When he turned, they were running down the slope of the dune, running and firing from the hip. His fingers found his rifle at last and he turned the IR illumination on and took down one after the other, rapid fire, prone, just like at the 300 yard line at Camp Perry. Only at Perry he wasn’t deafened and seeing double from concussion, and the targets weren’t dropping and firing back, at his flashes, the way he was at theirs.
* * *
SOME time
later, he must have blanked out there, because he was down behind a different dune, not the one that had been rocketed, and somebody was helping him drag a body. They were making heavy weather of it, and bullets kept cracking into the sand and spraying grit. A conviction of disaster rode his shoulders, though he somehow couldn’t quite recover what was going on or where they were. Still, he knew they had to press on. Something dangerous was on their tails. Echo Two, second fire team—it was coming back now, and he waggled his head and more rushed back, all at once—was laying down cover as they dragged the limp weight toward a clump of trees. But there was light back there, too, too much of it, as if the beach was on fire. Someone was yelling at him. “Master Chief. Master Chief! You copying me? Answer up!” He looked around blankly, then remembered: the bone phone. “Here.”

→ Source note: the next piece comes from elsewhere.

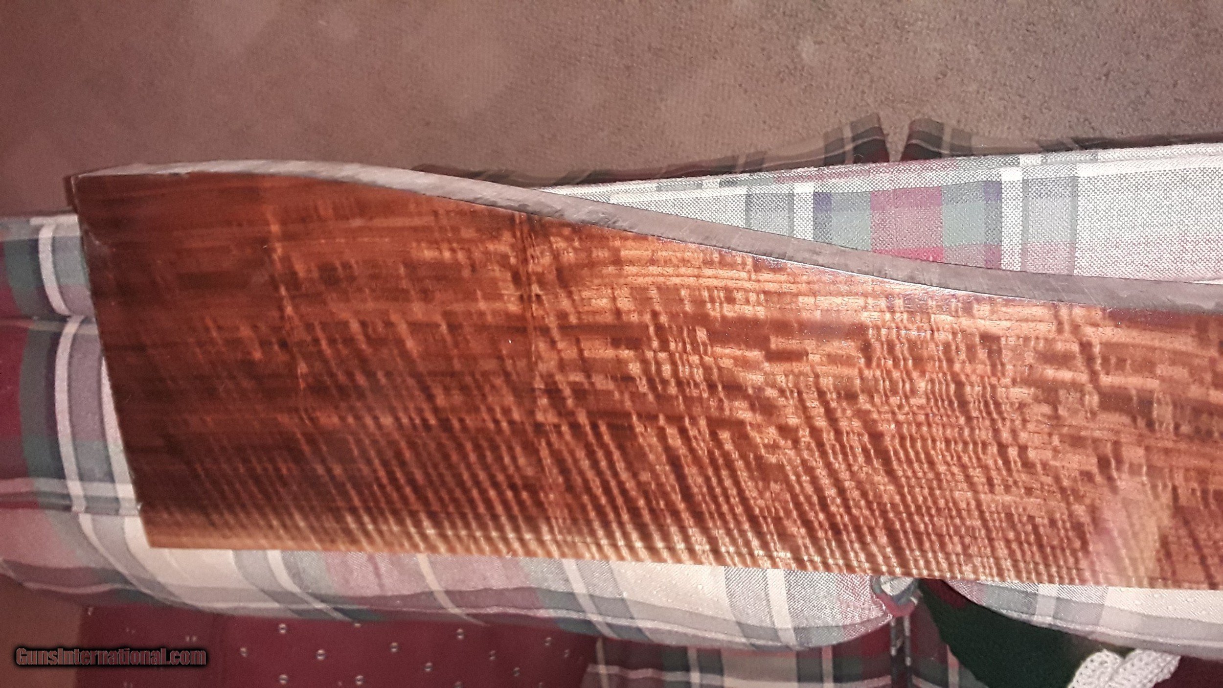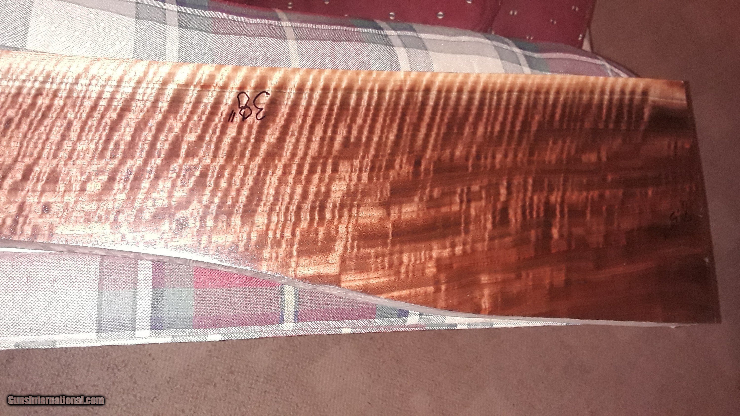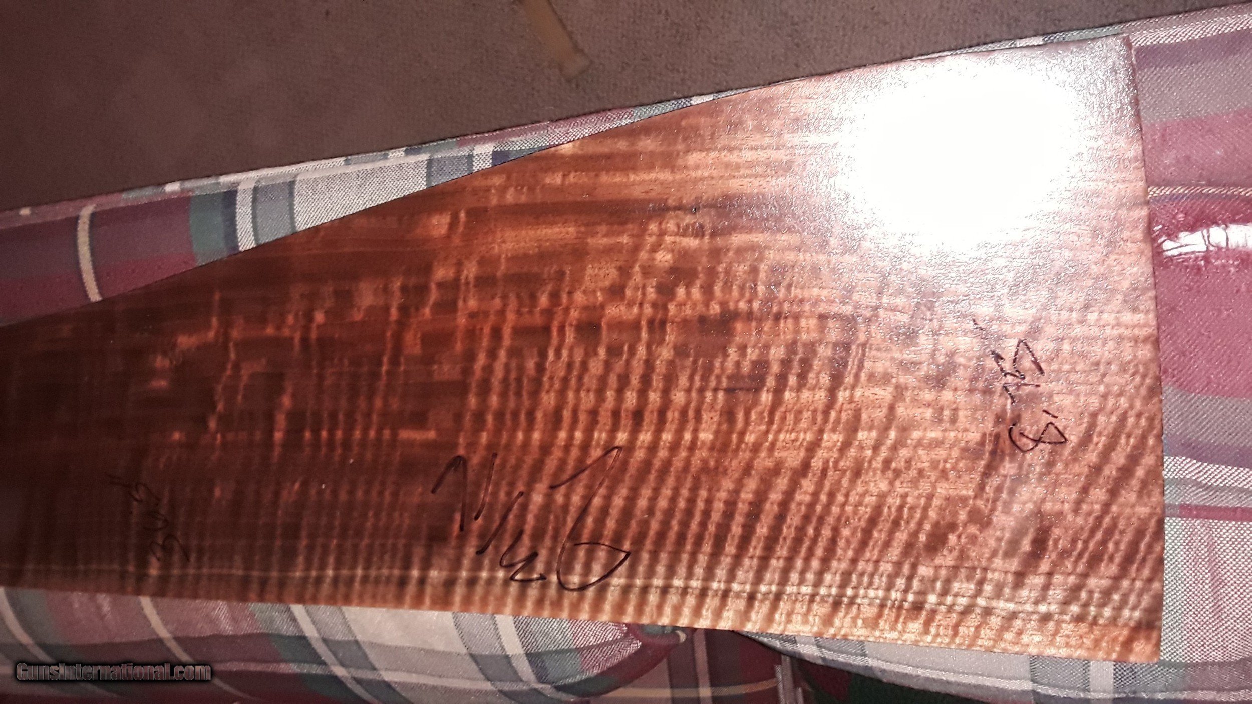 Description: 2 pieces of feather crotch american walnut rifle blanks. Could be used for 2 piece shotgun blanks as well and would provide nice matching grain forend. $370 each or the pair for $700. These are cut 1 and 2 so they are a match pair. Well dry and clear coated to show off the color and grain. Plus shipping SOLD |

“Where are you? Wait. I got you in sight. We’re back at the rally. The emplacement. See my strobe? Guide in on me.”
A strobe. An IR strobe … He shouted, “Turn it off, L-T. Turn it the fuck off!”
“Marking our position, Master Chief. Guided munitions coming in. Don’t want to land them on us.”
A distant growl. The whock-whock of blades, behind them. The realization they’d just blown it, blown it all. Harch had fought in Afghanistan. In Iraq. But the hajjis didn’t have IR imaging.
Teddy screamed, “Turn it off, Harch! Gunships incoming!”
He dropped to a knee, racked and tapped, and lifted his weapon. The thousand suns rose again. Two helos lifted over the dune, coming directly at him. Even in the dark he could make out the pilots’ faces behind the windshields, their eyes masked by some sort of point-and-shoot headset. The muzzles of the miniguns, like red flashing eyes. The last thing so many insurgents, Taliban, al-Qaeda, ISIS fighters, must have seen.